While most investors can’t access these rounds directly, paying attention to who is raising and what trends they represent offers a powerful edge. Venture funding often surfaces the builders and businesses that will define crypto’s next cycle, and this most recent raise class appears especially promising, with several candidates already resembling prime IPO plays.

Here are five venture-stage crypto companies with narrative momentum at their backs that are worth tracking in 2026. 👇

💸 YO Protocol

Website | Twitter
Last Raise: $10M
Valuation: Unknown
Round: Series A

Deployed on Base, Yield Optimizer (YO) Protocol is an onchain vault offering diversified yield indexes that generate income by deploying capital across multiple protocols and blockchains.

YO aggregates yields and handles portfolio rebalancing, allowing users to earn yield with ease on their ETH, BTC, USD, and EUR deposits, and users receive liquid yoTOKENS after depositing, which enjoy widespread integrations across preeminent Base Base DeFi applications, including Pendle, Euler, and Contango.

The Protocol announced it had raised $10M in a Series A fundraising round – which was led by Foundation Capital with participation from Coinbase Coinbase Ventures, Scribble Ventures, and Launchpad Capital – in December of last year.

What’s the Trend?

Onchain yield funds, or vaults, are quickly becoming one of the hottest trends in crypto markets.
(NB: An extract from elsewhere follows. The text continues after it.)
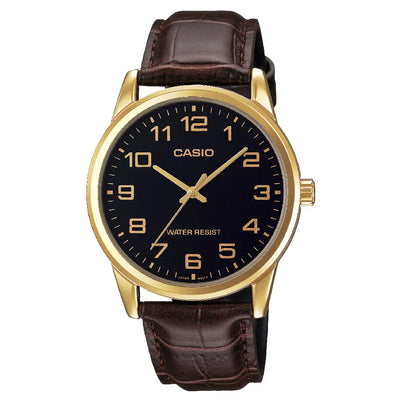 Casio Classic Analog MTP-V001GL-1BUDF Black Dial Leather Strap Men's Watch

They can enable anyone to access high-yielding crypto opportunities, without needing to manage position risk or rebalance their portfolio.

While these vault models are not without their risks (Stream Finance imploded in November and dragged numerous other tokenized yield funds into its insolvency wake), YO seeks to mitigate risks for its depositors by adjusting allocations based on risk using Exponential.fi ratings.

The YO governance token is notably launching on February 5 with an initial non-transferable phase.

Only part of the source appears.